Group Group Group Group Group Group Group Group Group

Use ML Kit Firebase with SwiftUI

I had a look at ML Kit with Firebase recently and found this Tutorial:
https://www.raywenderlich.com/6565-ml-kit-tutorial-for-ios-recognizing-text-in-images

I wonder if anyone tried to replicate it with SwiftUI or if there are any sample projects out there.
I found some for the Vision framework by Apple but the ones for using Firebase were all using UIKit.

1 Like

This is the solution I tried but it did not work - I believe that the size of the UImage I get by image.size does not match the size of the image that is used by Firebase.

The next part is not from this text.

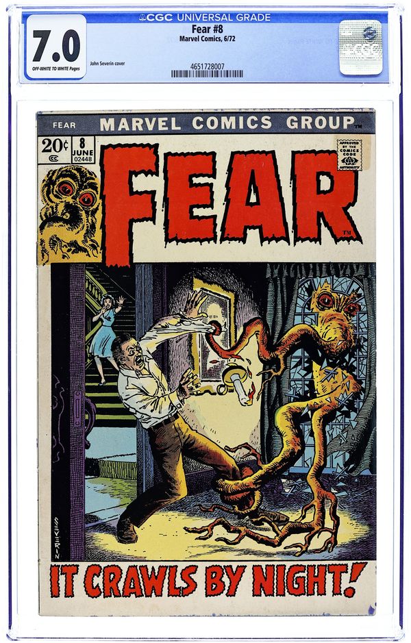 All reprints: Cover art by John Severin. "It Crawls By Night!", pencils by Jack Kirby, inks by George Klein; A farmer develops a new kind of plant that runs wild and is only stopped by the radiation of a strange meteor. "Never Trust a Martian!", art by Don Heck; Communist spies plan to fake a Martian invasion, but they are abducted and killed by the real Martians, afraid that their cover will be blown. "I Can't Escape from the Creeping Things!", art by Steve Ditko; A crabby old man wants to cut down a tree on his new property. "The Face!", art by Steve Ditko; A thief steals a cursed ruby and can't escape the curse. 36 pgs., full color. Cover price $0.20. Grade: CGC 7.0 explanation of grade Condition: Used (collectible)
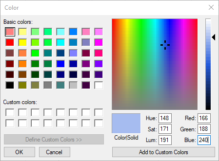 You can choose the color you want from among the basic colors, determine the tone you want by clicking on the color map on the side, or you can enter the red/green/blue color codes.

But maybe someone else has an idea how to solve this?

The result...

So this is the view which does the calculation:

struct ImageScanned: View {
    var image: UIImage
    @Binding var rectangles: [DetectedRectangle]
    @State var viewSize: CGSize = .zero

    var body: some View {
        // TODO: fix scaling
        ZStack {
            Image(uiImage: image)
                .resizable()
                .aspectRatio(CGSize(width: image.size.width, height: image.size.height), contentMode: .fill)
                .overlay(
                    GeometryReader { geometry in
                        ZStack {
                            ForEach(self.transformRectangles(geometry: geometry)) { rect in
                                DetectedRectangleView(rectangle: rect)
                            }
                        }
                    }
                )
        }
    }

    private func transformRectangles(geometry: GeometryProxy) -> [DetectedRectangle] {
        var rectangles: [DetectedRectangle] = []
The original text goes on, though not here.